- Texte visé : Texte de la commission sur la proposition de loi de Mme Aurélie Trouvé et plusieurs de ses collègues visant à la nationalisation d'ArcelorMittal France afin de préserver la souveraineté industrielle de la France (1950)., n° 2123-A0
- Stade de lecture : 1ère lecture (1ère assemblée saisie)
- Examiné par : Assemblée nationale (séance publique)
Après l’alinéa 2, insérer l’alinéa suivant :
« II bis. – La société nationalisée demeure soumise à l’ensemble des normes comptables internationales IFRS applicables aux sociétés cotées, notamment en matière de consolidation, de transparence financière et de valorisation des actifs. »
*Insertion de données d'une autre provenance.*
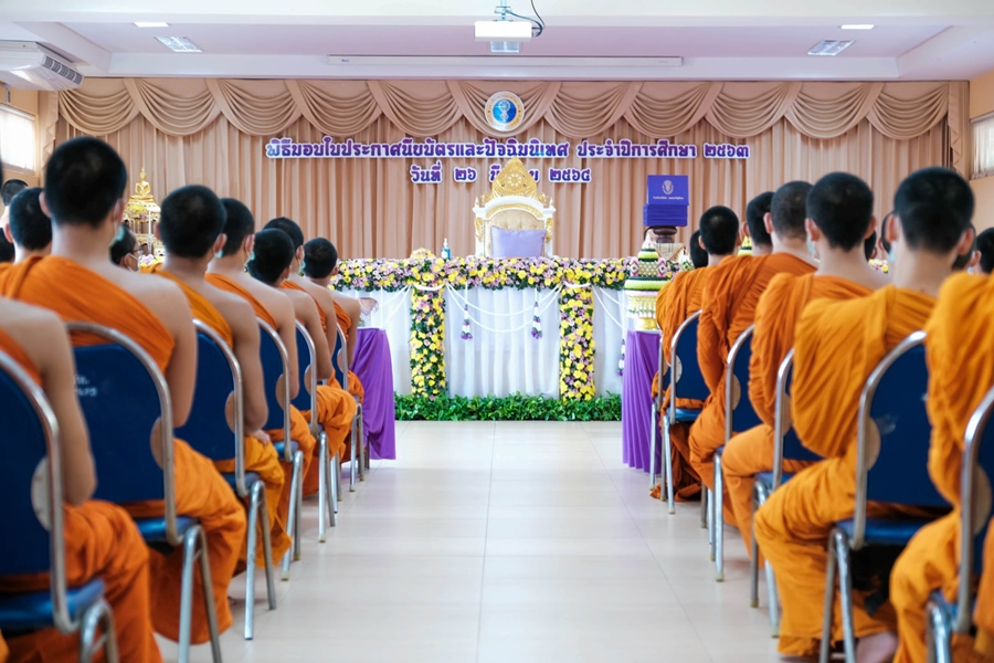 พระเดชพระคุณพระเทพญาณวิศิษฏ์ ประธานคณะกรรมการสถานศึกษา โรงเรียนวัดไผ่ดำ แผนกสามัญศึกษา เมตตาเป็นประธานในพิธีมอบใบประกาศนียบัตรแก่สามเณรนักเรียนผู้สำเร็จการศึกษาชั้นสูงสุด ของโรงเรียนวัดไผ่ดำ แผนกสามัญศึกษา ประจำปีการศึกษา ๒๕๖๓ จำนวน ๑๘ รูป และมอบทุนการศึกษาแก่สามเณรผู้มีผลการเรียนดี ลำดับที่ ๑-๓ ของทุกระดับชั้น . จากนั้นได้มีกิจกรรมกล่าวแสดงความรู้สึกและมุทิตาจิต โดยตัวแทนสามเณรนักเรียน และตัวแทนครู ทั้งนี้ สามเณรนักเรียน มวก.๒ รุ่นที่ ๒๘ มิตรร่วมฝัน ได้น้อยถวายปัจจัย สมทบทุนผ้าป่าจัดซื้อยานพาหนะ แด่วัดกฤษณเวฬุพุทธาราม เป็นจำนวน ๑๐,๐๐๐ บาท |
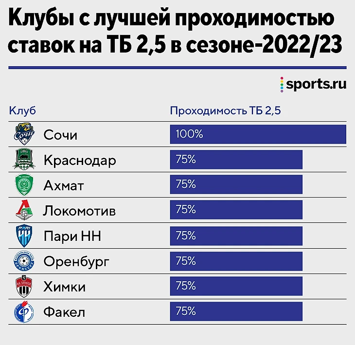 На верхушке рейтинга проходимости ставок на ТБ неожиданного всего три топовых (по меркам РПЛ, конечно же) клуба: кроме «Сочи» больше 70% показывают «Краснодар» (привет Сперцяну) и «Локомотив», который пока чуть больше пропускает, чем забивает.
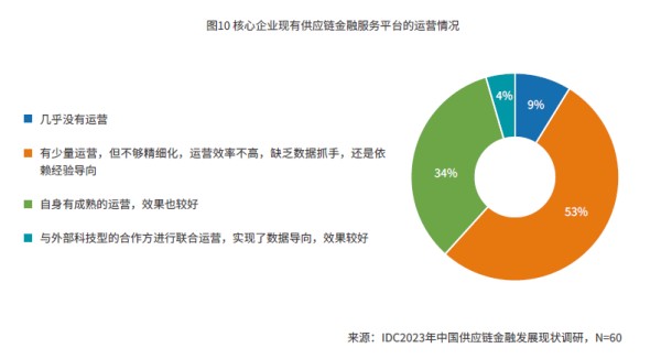 有了平台和风控后,如何将平台有效运营起来更为关键。核心企业需将产品运营、用户运营、渠道运营、数据运营等有机结合、形成体系,才能最终为客户创造持续的价值。但仍有53.2%的受访者反馈,现有供应链金融服务平台有少量运营,还不够精细化,运营效率不高,缺乏数据抓手,还是依赖经验导向。另有8.5%的受访者反馈,几乎没有运营。
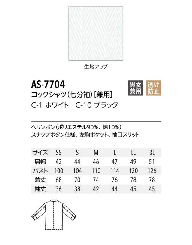 飲食サービス系ユニフォーム アルベ arbe チトセ chitose 兼用 コックシャツ(七分袖) AS-7704 通年
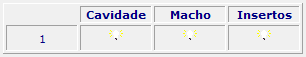 Após você ter registrado os sólidos como insertos/placas macho e cavidade, uma tabela que mostra os conjuntos de Cavidade/Macho/Insertos será exibida no assistente. Para verificar os itens, clique em cada
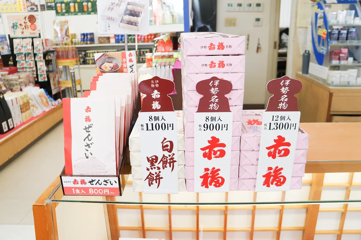 伊勢志摩土産といえば外せない「赤福」(12個入り1,300円・8個入り900円)。 鳥羽で赤福を買えるお店は少なく、ドライブイン鳥羽でも一番人気の商品だそうで、お客さんの2割は買っていくとのこと。
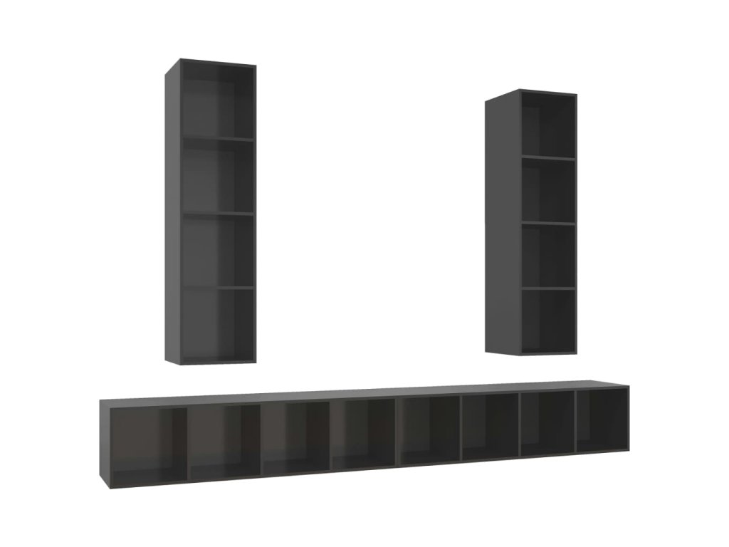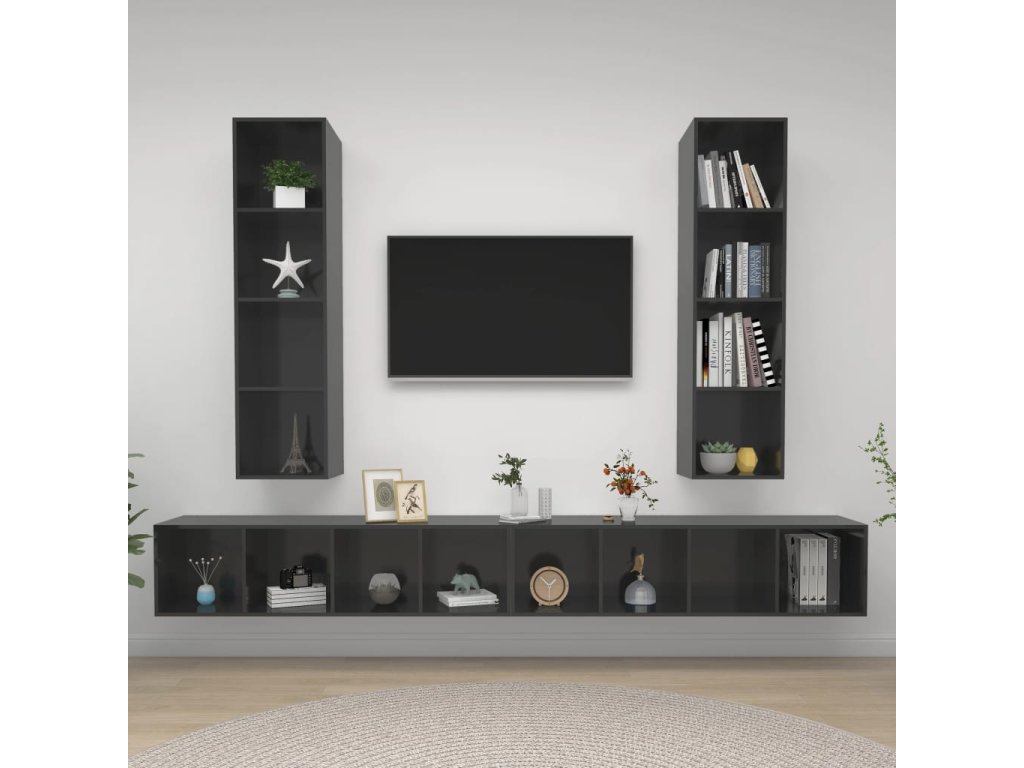 Nástěnné TV skříňky 4 ks šedé s vysokým leskem kompozitní dřevo 3079897

Cet amendement d'appel a vocation à alerter sur la réalité structurelle dans laquelle évolue la sidérurgie française, un secteur profondément inséré dans un système économique mondialisé, où la nationalisation, à elle seule, ne permet pas de s’extraire des interdépendances qui conditionnent la compétitivité. En maintenant obligatoirement l’application des normes comptables IFRS, il s’agit de rappeler que l’activité sidérurgique ne saurait être appréhendée comme une activité strictement nationale.
Les sites français d’ArcelorMittal fonctionnent au sein d’une organisation européenne où la planification des volumes, la répartition des commandes, les échanges intragroupes et la formation des prix s’effectuent à l’échelle du continent. Parallèlement, la sidérurgie est confrontée à la concurrence de producteurs installés dans d’autres régions du monde, dont les coûts, les stratégies d’investissement et la structure industrielle influencent directement les prix sur les marchés internationaux. Dans un tel environnement, aucune installation ne peut se maintenir durablement sans respecter des standards de transparence, de gouvernance et de gestion financière reconnus à l’international.